Now, it is a shame that some individuals do not see the value of a high school education. I am assuming that those are individuals that have not supported themselves and do not realize that minimum wage will not allow you to support a family and barely allows one to pay bills for one person, if that. And don't misunderstand either....the schools do offer vocational tracks of study for students that want to learn skills for the work environment and don't want to pursue college. So I am not sure where that person was coming from.

And yes, there are a few individuals who make a lot of money without a high school diploma, but there are veerrrrry few and the odds are not in anyone's favor of being one of those lucky people. Taking a chance and not graduating from high school is a foolish track, but it is a choice. And yes, I have gone to college, but I went back many years after realizing I could not support my son and myself on what I could earn with only a high school education. And I have several friends who did not finish high school and who went back for the same reason. But more importantly they went back so they would have some choices and not be stuck doing a job they hated every day just to pay the bills.

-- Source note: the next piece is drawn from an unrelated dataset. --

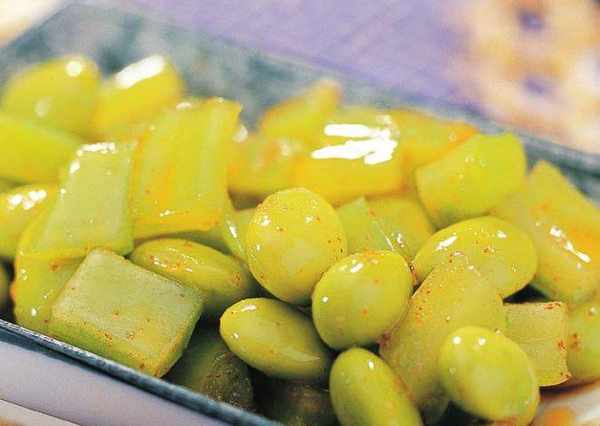 制作步骤:1 、芥菜嫩茎洗净,切成小丁;蚕豆瓣放入沸水锅中煮透,捞出过凉。

And no, the service does not put one person in charge of dangerous equipment. ONE person is never in charge of anything, regardless. There are several checks and balances within a system such as that. Your high school education would teach you that. And the service/military TRAINS individuals, and uses their tests the same way our schools do to see what a person already knows, what they need to be taught, and for what they would be better suited.

And high school is useful, but it's purpose is not as obvious as Elementary School. High school is the place where you learn to apply what you have learned in a more broader sense. Elementary school is where you learn the basics. And yes, you do need reading, writing, and math to survive, contrary to many high school students' opinion, lol. You need Geometric, physics, algebra, grammar, vocabulary, etc... Try cooking without those things, try fixing your car without those things, trying reading a newspaper looking for a job, try filling out a job application, etc... You use the skills you learn in school to survive everyday without even knowing it. Besides, how would one have even learned to write a response at the website without the things they learned in school? Do you all think you would have been educated enough to question your rights as individuals here? NO. You are already educated inspite of yourself ;-).

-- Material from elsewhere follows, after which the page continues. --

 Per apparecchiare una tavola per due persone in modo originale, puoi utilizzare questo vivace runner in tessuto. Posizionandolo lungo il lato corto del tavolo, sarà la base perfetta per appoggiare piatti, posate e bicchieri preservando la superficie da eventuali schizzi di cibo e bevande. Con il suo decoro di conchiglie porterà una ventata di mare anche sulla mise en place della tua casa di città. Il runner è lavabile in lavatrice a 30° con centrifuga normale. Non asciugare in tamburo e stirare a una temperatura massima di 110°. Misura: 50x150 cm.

There is nothing wrong with having a good time in life and preparing yourselves to be contributing members of society instead of individuals that everyone else has to work twice as hard to support through taxes. You can do both, I assure you. And twelve years is a very small piece of your life, just remember that. You have decades to live during which you have survive by the choices you made during those brief 12 years. So choose wisely! Because your choices are much more limited as far as redoing early choices when you get older.

Good luck to all of you and thank God that the government and parents guide (or force) us to get an education in spite of ourselves when we are in high school, lol.

Lisa



-- l. Millwood (lmillwo@yahoo.com), July 06, 2003.


well said. One of the main reasons for standardized testing is accountability. The schools and the teachers are the ones getting the grade most of the time.